As described above in detail, according to the present invention, it is possible to prevent scattering of ready-mixed concrete to the surroundings at the time of being put into a mixer truck, and also to prevent abrasion of a hopper of the mixer truck. It has excellent effects.

[Brief description of the drawings]

FIG. 1 is a schematic side view showing a scattering prevention mechanism in a batcher plant of the present embodiment.

FIG. 2 is a schematic plan view showing a scattering prevention mechanism.

FIG. 3 is a schematic perspective view showing a slide cover of the scattering prevention mechanism.

FIG. 4 is a schematic perspective view showing an auxiliary cover of the scattering prevention mechanism.

FIG. 5 is a schematic side view showing a state where the mixer vehicle has entered a batcher plant.

FIG. 6 is a schematic side view showing a state in which a slide cover and an auxiliary cover have entered a hopper of a mixer vehicle.

FIG. 7 is a schematic side view showing a state where the shower is discharged after the addition of the ready-mixed concrete.

FIG. 8 is a schematic side view showing a state in which a slide cover and an auxiliary cover are pulled up from a hopper of a mixer truck.

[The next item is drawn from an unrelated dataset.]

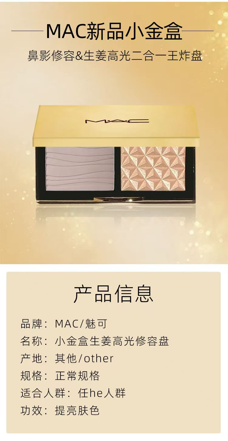 【一般贸易】MAC魅可 小金盒生姜高光修容盘7g 哑光鼻影阴影细闪提亮

FIG. 9 is a schematic perspective view showing a state where the mixer truck has exited the batcher plant after the ready-mixed concrete has been charged.

[Explanation of symbols]

1 concrete hopper, 7 first cylinder as driving means, 8 second cylinder as driving means, 17
... Slide cover as a shielding member, 21 ... Auxiliary cover as a shielding member, H ... hopper, C ... mixed concrete.

Claims (3)

(57) [Claims] 1. A ready-mixed concrete (C) in which cement, aggregate and the like are mixed and kneaded in appropriate amounts, respectively, are temporarily stored in a concrete hopper (1), and an input opening (2a) of the concrete hopper (1) is stored. ) Is opened and closed to put the ready-mixed concrete (C) into the hopper (H) of the mixer truck. The mixer is provided between the concrete hopper (1) and the hopper (H) of the mixer truck. Enter the hopper (H) of the car,
A scattering prevention mechanism in a ready-mixed concrete manufacturing device, comprising a shielding member (17, 21) for shielding the surroundings of the ready-mixed concrete (C) charged into the hopper (H). 2. A pair of said shielding members (17, 21) are provided in the same direction as or intersecting with the approach direction of the mixer vehicle, and said shielding members (17, 21) are driven by driving means (7, 8). 2. The raw material according to claim 1, wherein the raw material can be moved between a charging position for entering the hopper (H) and charging the ready-mixed concrete (C) and a standby position where the mixer vehicle enters and leaves. Shatter prevention mechanism in concrete manufacturing equipment. 3. The scattering prevention mechanism in the ready-mixed concrete production apparatus according to claim 1, wherein the shielding member (17, 21) has abrasion resistance.